In the manufacturing industry, equipment maintenance is integral to keeping your company running. If a piece of equipment fails, the downtime is expensive — both in equipment repair costs and lost production time. Depending on how much you produce in an average day, a single hour of downtime can cost you anywhere from $1,000 to $10,000 or more. Monitoring and predictive maintenance can help you keep everything moving smoothly. What role do these two tools play in manufacturing?
Predictive Maintenance vs. Preventive Maintenance
Before we get into predictive maintenance and monitoring, we do need to address a different form of maintenance — preventive. Preventive maintenance is merely the practice of fixing small problems before they become big ones. Changing the oil in your car according to the manufacturer’s recommendations is preventive maintenance. You probably already have a schedule in place for preventive maintenance for each piece of equipment — replacing belts, changing oil or grease and inspecting each moving part for signs of wear and tear that could indicate the beginnings of more significant problems.
Predictive maintenance, especially when paired with monitoring, takes preventive maintenance to a whole new level.

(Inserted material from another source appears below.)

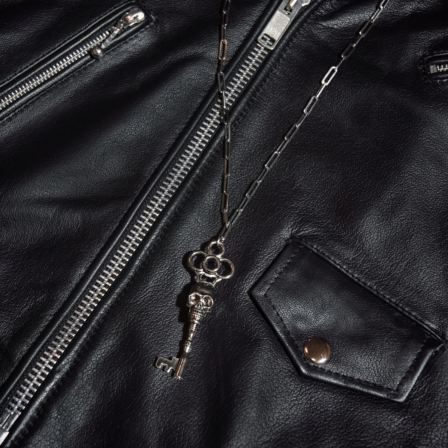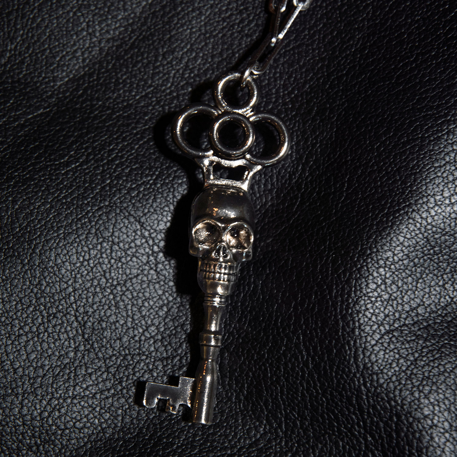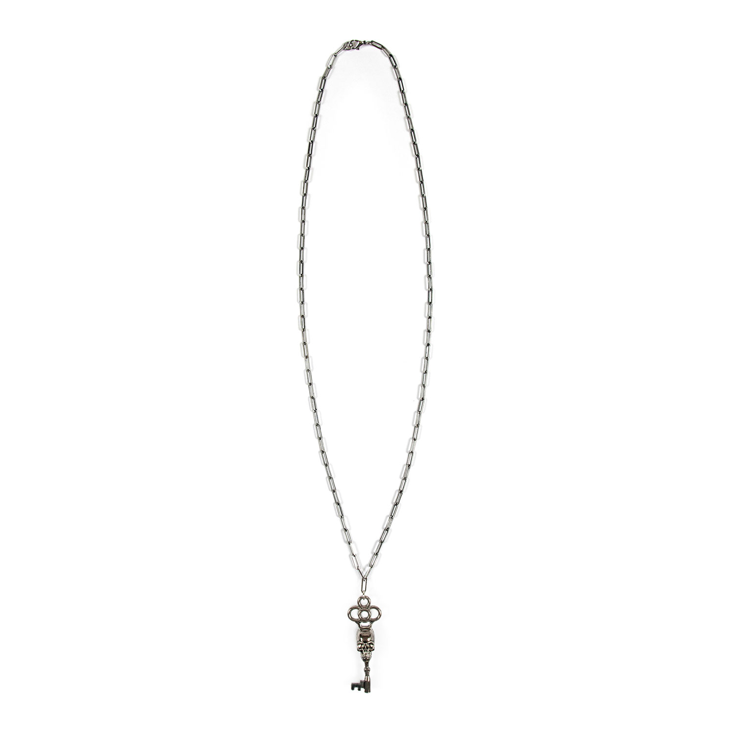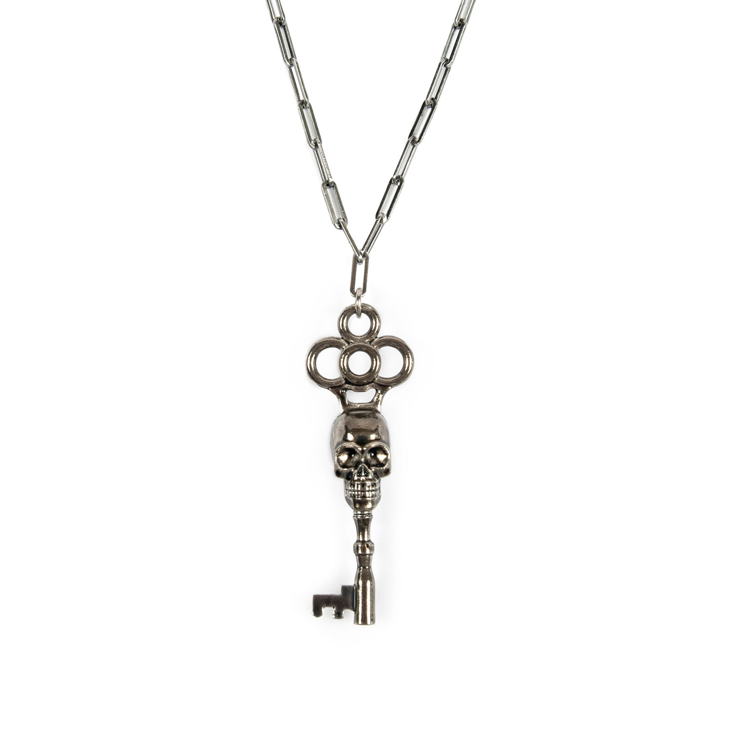 The Memento Mori is a silver-plated skeleton key necklace that hangs from a long, 18 inch stainless steel chain. The chain length can be adjusted for a shorter chain. The pendent is 3.25 inches tall. Packaged in an STH custom box.

What Is Predictive Maintenance?
You most likely already have a maintenance schedule in place for going over each piece of machinery on your production floor to help keep everything running. Each piece has its manufacturer-recommended maintenance schedule, and keeping up with that can prevent any unscheduled downtime. Sometimes, though, equipment fails. What if you could predict those failures and fix the problems before they take your production floor offline?
That’s where predictive maintenance comes in.
A predictive maintenance algorithm examines your maintenance and repair history, using data you’ve collected over months or years. It’s programmed to look for patterns human observers might miss. These patterns can indicate when a piece of equipment might fail outside its regular maintenance schedule. With enough information, these programs can even predict future failures.